§ **Work required**
Skip the pictures. Retype exactly, and only, the lines between the line holding "Horse owner looking" and the last line below, inclusive.

§ **Data block**

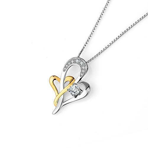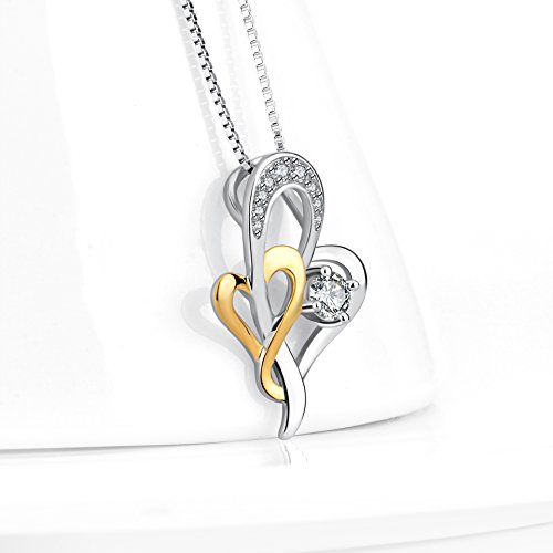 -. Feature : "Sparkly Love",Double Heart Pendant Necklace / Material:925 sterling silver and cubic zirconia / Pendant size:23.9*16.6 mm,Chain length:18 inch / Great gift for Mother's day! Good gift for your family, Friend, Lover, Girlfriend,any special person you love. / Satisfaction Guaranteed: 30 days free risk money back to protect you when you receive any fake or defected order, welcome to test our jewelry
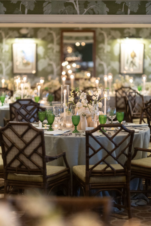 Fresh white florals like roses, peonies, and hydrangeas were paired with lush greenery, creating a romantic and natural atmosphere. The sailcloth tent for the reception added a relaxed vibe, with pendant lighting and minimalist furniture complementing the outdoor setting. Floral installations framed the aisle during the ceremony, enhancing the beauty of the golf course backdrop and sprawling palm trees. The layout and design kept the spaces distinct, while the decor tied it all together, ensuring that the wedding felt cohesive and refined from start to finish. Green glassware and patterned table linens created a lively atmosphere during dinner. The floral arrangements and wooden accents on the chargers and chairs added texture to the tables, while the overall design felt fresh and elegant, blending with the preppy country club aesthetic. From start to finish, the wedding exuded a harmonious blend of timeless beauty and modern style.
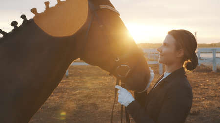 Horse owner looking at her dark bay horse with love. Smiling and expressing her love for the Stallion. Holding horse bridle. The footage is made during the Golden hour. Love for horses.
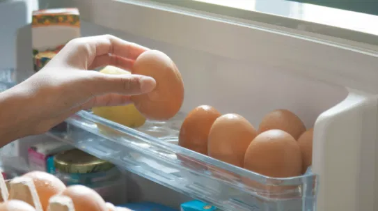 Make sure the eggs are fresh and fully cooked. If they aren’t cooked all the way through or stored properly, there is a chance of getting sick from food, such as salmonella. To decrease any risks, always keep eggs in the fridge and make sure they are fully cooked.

§ **Result below**
 Horse owner looking at her dark bay horse with love. Smiling and expressing her love for the Stallion. Holding horse bridle. The footage is made during the Golden hour. Love for horses.
 Make sure the eggs are fresh and fully cooked. If they aren’t cooked all the way through or stored properly, there is a chance of getting sick from food, such as salmonella. To decrease any risks, always keep eggs in the fridge and make sure they are fully cooked.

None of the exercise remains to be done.